Physically speaking, death is not creepy but routine. Life leaves the body quietly. The body will decompose, but not to the point where you need to worry about odor for a day or two, a period that can be stretched, for instance, by refrigerating the body or placing it on dry ice. Certainly, the person we knew ceasing to exist is frightening to some. But is it more frightening than entrusting your husband’s body to strangers, so that the next time you see him he is embalmed and wearing makeup? Still, it is understandable to want after-death care out of sight, to think it will hurt less if someone else deals with it.

This is where the traditional funeral industry steps in, offering to take the burden off your hands in your time of need, with embalming (not required by state law), metal caskets, burial vaults (to protect the buried casket from the weight of the earth), a hearse, and a motorcade. The average price as of 2009, not including a burial plot: $7,755.

There are two reasons for the elaborate send-off: to make money for the industry, and to make the living feel they have shown Mom, via pomp and product, how much they love her. Whether this makes anyone feel any better is up for debate. A growing number of people feel it does not. Some hire death-midwives, who stay with families during the dying process and help take care of the body, or choose “green cemeteries” with conservation easements that ensure the land will remain undeveloped. To some, a fancy send-off isn’t an expensive casket; it’s a rocket, shooting their cremains into space.

The funeral industry is well aware of the trends, toward cremation (less than 10 percent nationally in 1980, more than 40 percent today), for forgoing embalming (what, some might ask, are we preserving the body for?), for choosing rocks or trees as memorial markers. Profits in the industry have been in decline since 2007, as people choose to “celebrate a life” in more modest ways. 

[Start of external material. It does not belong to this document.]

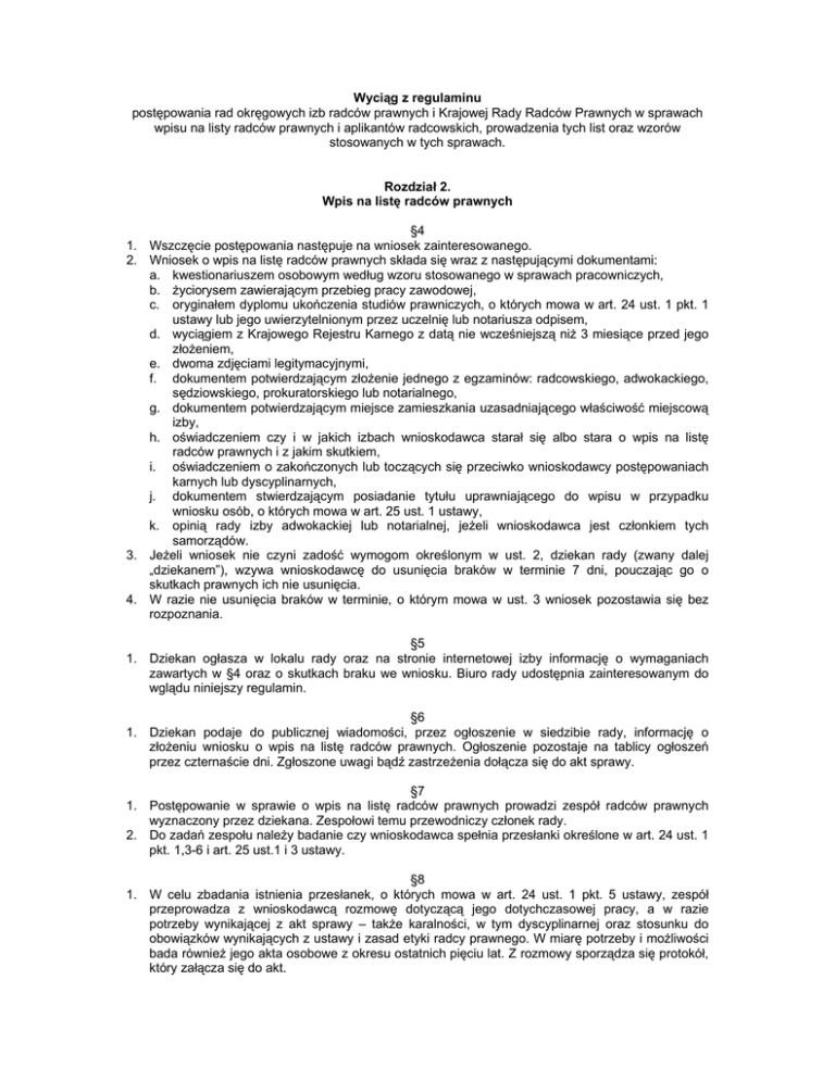 Wyciąg z regulaminu postępowania rad okręgowych izb radców prawnych i Krajowej Rady Radców Prawnych w sprawach wpisu na listy radców prawnych i aplikantów radcowskich, prowadzenia tych list oraz wzorów stosowanych w tych sprawach. Rozdział 2. Wpis na listę radców prawnych §4 1. Wszczęcie postępowania następuje na wniosek zainteresowanego. 2. Wniosek o wpis na listę radców prawnych składa się wraz z następującymi dokumentami: a. kwestionariuszem osobowym według wzoru stosowanego w sprawach pracowniczych, b. życiorysem zawierającym przebieg pracy zawodowej, c. oryginałem dyplomu ukończenia studiów prawniczych, o których mowa w art. 24 ust. 1 pkt. 1 ustawy lub jego uwierzytelnionym przez uczelnię lub notariusza odpisem, d. wyciągiem z Krajowego Rejestru Karnego z datą nie wcześniejszą niż 3 miesiące przed jego złożeniem, e. dwoma zdjęciami legitymacyjnymi, f. dokumentem potwierdzającym złożenie jednego z egzaminów: radcowskiego, adwokackiego, sędziowskiego, prokuratorskiego lub notarialnego, g. dokumentem potwierdzającym miejsce zamieszkania uzasadniającego właściwość miejscową izby, h. oświadczeniem czy i w jakich izbach wnioskodawca starał się albo stara o wpis na listę radców prawnych i z jakim skutkiem, i. oświadczeniem o zakończonych lub toczących się przeciwko wnioskodawcy postępowaniach karnych lub dyscyplinarnych, j. dokumentem stwierdzającym posiadanie tytułu uprawniającego do wpisu w przypadku wniosku osób, o których mowa w art. 25 ust. 1 ustawy, k. opinią rady izby adwokackiej lub notarialnej, jeżeli wnioskodawca jest członkiem tych samorządów. 3. Jeżeli wniosek nie czyni zadość wymogom określonym w ust. 2, dziekan rady (zwany dalej „dziekanem”), wzywa wnioskodawcę do usunięcia braków w terminie 7 dni, pouczając go o skutkach prawnych ich nie usunięcia. 4. W razie nie usunięcia braków w terminie, o którym mowa w ust. 3 wniosek pozostawia się bez rozpoznania. §5 1. Dziekan ogłasza w lokalu rady oraz na stronie internetowej izby informację o wymaganiach zawartych w §4 oraz o skutkach braku we wniosku. Biuro rady udostępnia zainteresowanym do wglądu niniejszy regulamin. §6 1. Dziekan podaje do publicznej wiadomości, przez ogłoszenie w siedzibie rady, informację o złożeniu wniosku o wpis na listę radców prawnych. Ogłoszenie pozostaje na tablicy ogłoszeń przez czternaście dni. Zgłoszone uwagi bądź zastrzeżenia dołącza się do akt sprawy. §7 1. Postępowanie w sprawie o wpis na listę radców prawnych prowadzi zespół radców prawnych wyznaczony przez dziekana. Zespołowi temu przewodniczy członek rady. 2. Do zadań zespołu należy badanie czy wnioskodawca spełnia przesłanki określone w art. 24 ust. 1 pkt. 1,3-6 i art. 25 ust.1 i 3 ustawy. §8 1. W celu zbadania istnienia przesłanek, o których mowa w art. 24 ust. 1 pkt. 5 ustawy, zespół przeprowadza z wnioskodawcą rozmowę dotyczącą jego dotychczasowej pracy, a w razie potrzeby wynikającej z akt sprawy – także karalności, w tym dyscyplinarnej oraz stosunku do obowiązków wynikających z ustawy i zasad etyki radcy prawnego. W miarę potrzeby i możliwości bada również jego akta osobowe z okresu ostatnich pięciu lat. Z rozmowy sporządza się protokół, który załącza się do akt.

To stay competitive, funeral homes are not so much adding “green” choices as new bars to the same tune: memorial videos during a service have become commonplace; there’s the “interactive” Agean Healing Tree white marble vault cover, from which mourners can pluck a coin-shaped “memory ring” (“to attach to a keychain or simply keep in their pocket”). 

Fournier also offers options, foremost among them an approach that recalls how we’ve mourned from time immemorial. She encourages clients to understand that they can wash and dress bodies for disposition (she will assist); bury bodies in wood boxes or other biodegradable containers (green burial); inter bodies or cremains on property they own; and act as their own funeral director. Her advocacy of natural burial has earned her the nickname “the Green Reaper,” a moniker she received during the Toshiba ad campaign “Boring vs. Normal,” a 2009 series of short-form videos wherein residents of the Oregon and Illinois towns competed for Internet celebrity. 

The less-is-more approach is a good fit for Oregon, the first of the only three US states, so far, to pass legislation allowing physician-assisted suicide for some terminally ill patients, and where nearly 70 percent of those who died in 2011 were cremated. Oregonians want death their way. They also prefer to go gently instead of jamming the earth with embalming solvents (including formaldehyde, a known carcinogen) and caskets that incorporate as much metal and upholstery as a car. 

“People find out the painful truth later, that it didn’t really help them,” says Fournier of the sometimes five-figure packages she once sold as an employee of several large funeral chains. “What I learned at corporations was it was about the merchandise, the upselling.” Comfort, she was told, was about providing the opportunity to grieve via ever more expensive packages of services. “It just felt horrible, especially when someone came in with a teenage son that died, and they couldn’t afford this! And they couldn’t bury him until they could pay every penny, and I thought, my God, if I ever had a place, I would do payment plans, I would give stuff away.”